The treatment of wastewater from diverse industrial processes is one of the world’s most difficult challenges today [1]. The industrial sector consumes a huge amount of water, and its effluent comprises a variety of substances [2]; synthetic dyes are the most frequent [3]. Degradation of these refractory organic pollutants by conventional methods such as adsorption, membrane filtration, coagulation, and biological methods have proven ineffective in removing most of the labeled refractory organic compounds due to their slow reaction rates, harmfulness to bacteria and yeast strains [4,5], sludge removal, and requirement for rigorous pH and temperature control. Advanced oxidation processes (AOPs) have been the topic of several articles in the quest for techniques suited for the entire removal of refractory organic pollutants due to their simplicity of operation, low equipment requirements, and low cost and abatement efficiency compared to the other methods mentioned above [6,7], as well as its ability to degrade several types of hazardous organic compounds [8,9]. Among AOPs, the Electro-Fenton (EF) process has been successfully applied to treat and mineralize refractory organic pollutants (azo dye, real textile, and pharmaceutical pollutants).
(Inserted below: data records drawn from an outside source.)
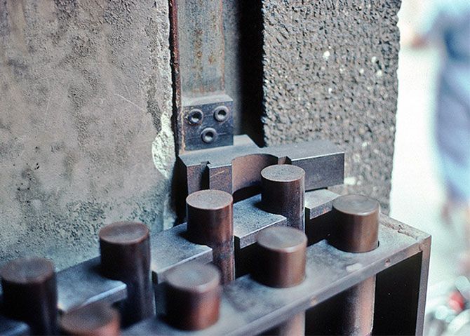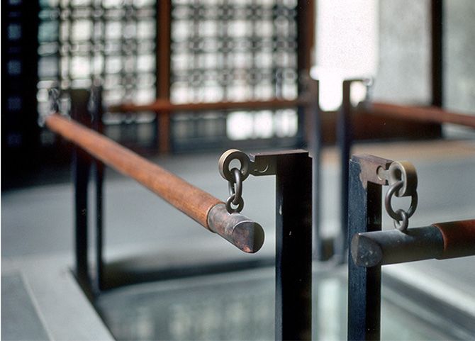One example of his work was a renovation of a medieval barracks, which was turned into a small museum. Wherever his work stopped and the existing structure started, or vice versa, he celebrated that edge with a flourish. You’d have this brick building with walls that were two feet thick, and then he’d put in a piece of bronze and start a hand-thrown plaster partition. He was able to forge, literally, iron railings for that job and insert bronze pieces into them. Where they touched, he made a keyhole, and they fit together.
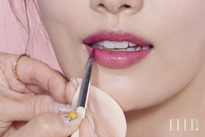 누드 컬러의 립 펜슬로 입술 라인을 깔끔하게 정리한 다음 블러셔와 비슷한 컬러를 입술 안쪽부터 부드럽게 펴 바른다. 투명한 립글로스로 마무리해 도톰하고 사랑스러운 입술로? CHU~
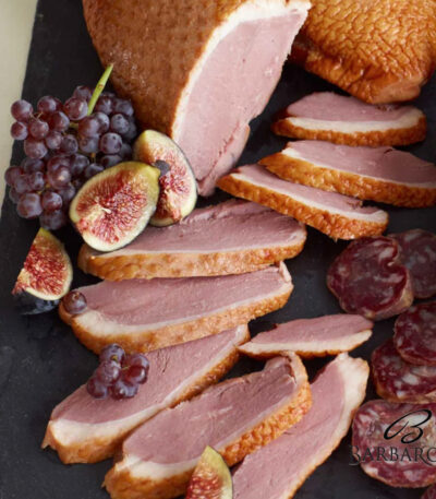 Pieptul de rata afumat este un produs rafinat, realizat artizanal in inima Bucovinei, dupa retete traditionale care pun in valoare gustul autentic al carnii de rata. Afumarea lenta pe lemn de esenta tare ii confera o aroma echilibrata si o textura frageda, pastrand in acelasi timp savoarea naturala a carnii. Este ideal pentru platouri cu mezeluri fine, salate calde sau sandwich-uri gourmet, acest produs aduce in farfurie o experienta gustativa de exceptie.\n\nProdus 100% natural, fara E-uri, fara conservanti si fara aditivi. Realizat manual, in cantitati limitate, din carne curata, provenita din ferme locale din Bucovina.\n\nIngrediente: piept de rata, sare, condimente naturale.\n\nValori nutritionale medii / 100g: Valoare energetica 980 kJ / 235 kcal, Grasimi 16g (din care acizi grasi saturati 4.5g), Proteine 22g, Carbohidrati 0g (din care zaharuri 0g), Sare 2.3g
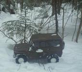 Сегодня покатались. УАЗик едет великолепно. Местами не отличишь от настоящего, превращение в авто со свалки пошло на пользу. Единственный неприятный момент - рулевая серва на раме при полностью вывернутых колесах клинит подвеску, и плавность хода пропадает.
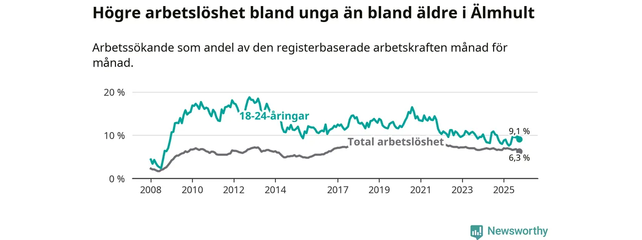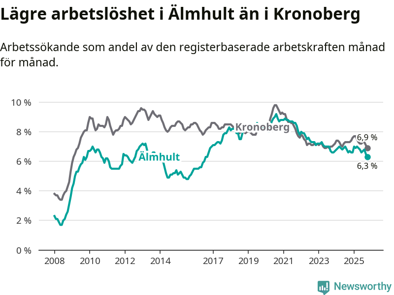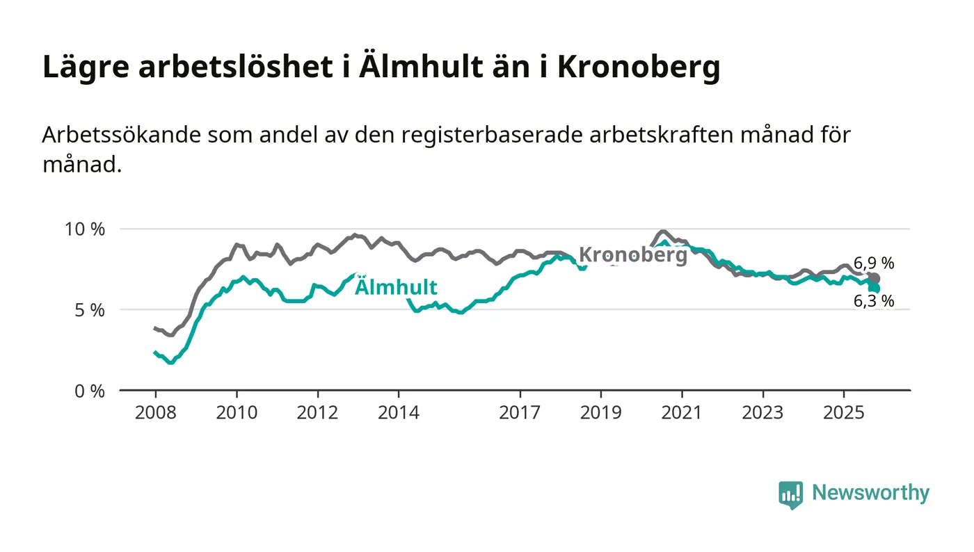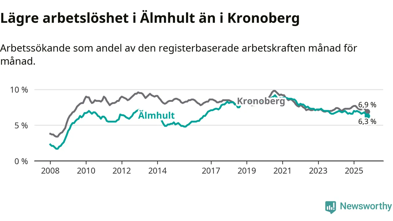 Under oktober månad rapporterade Älmhults kommun en total arbetslöshet på 6,3 procent. Det är en minskning jämfört med samma tidpunkt i fjol (−0,4 procentenheter). Även i Kronobergs län sjunker arbetslösheten .

This process is based on a well-known fundamental reaction called the Fenton reaction (1) for the in-situ creation of hydroxyl radicals (OH^.) which react non-selectively and are capable of oxidizing all organic molecules until total mineralization [10,11].

H₂O₂ + Fe²⁺ ➔ Fe³⁺ + OH⁻ + OH

(1)

Fe³⁺ + 1e⁻ ➔ Fe²⁺

(2)

O₂ + 2H⁺+2e⁻ ➔ H₂O₂

(3)

Fe²⁺ + OH⁻ ➔ Fe³⁺ + OH⁻

(4)

However, similar to the other AOPs, total decolorization of a dye is rarely observed or is only obtained after an unreasonably long time with very high energy consumption in the Electro-Fenton process. In this experiment, a strategy based on initiating the reaction with catalytic amounts of hydrogen peroxide was used to improve the efficiency of the process, resulting in a high rate of discoloration in a short period and lower energy usage.

The statistical approach of using designs of experiments (Doe) is a powerful tool in process optimization when dealing with multi-factors [12]. In terms of process optimization, combining experience plans with response surfaces is a method that is based on well-structured logic and produces faster and more reliable results [13].

In this study, the Doe methodology was applied to optimize the discoloration rate of an aqueous solution of a commercial textile dye, methyl orange MO, by the Electro-Fenton process. More specifically, the objectives of this study are to (i) test the EF process in the degradation of an anionic textile dye MO, (ii) follow the evolution of factors such as the concentration of Fe²⁺ ions, pH, applied current (I_C), the initial concentration of the pollutant [MO], and solution temperature that have a direct influence on the EF process, and (iii) optimize the discoloration rate by applying the Doe method using a response surface design called Box-Behnken (BBD).

2. Results and Discussion

2.1. Effect of Catalyst Concentration

In the Electro-Fenton process, Fe²⁺ ions function as an important catalyst, and their existence in the solution has a significant impact on the process efficiency [14]. Fe²⁺ ions promote the generation of hydroxyl radicals in the reaction medium [15]. The effect of ferrous ion concentration on discoloration rate is shown in Figure 1. With an increase in ferrous ion concentration from 0.1 mM to 0.3 mM, the discoloration rate efficiency increases from 47.75% to 92.01% in the first 20 min. However, after 50 min, increasing the ferrous ion concentration from 0.2 mM to 0.3 mM results in a decrease in color removal efficiency from 93.09% to 91.55%. Perhaps an excess of Fe²⁺ in the solution promotes the production of iron sludge while also increasing the OH^. scavenging action by Fe²⁺ reaction 4, which has a detrimental impact on organic pollutant degradation [16,17]. It is clear that the concentration of Fe²⁺ has a significant impact on the generation of HO^. hydroxyl radicals and consequently the degradation of organic pollutants in the aqueous solution [18].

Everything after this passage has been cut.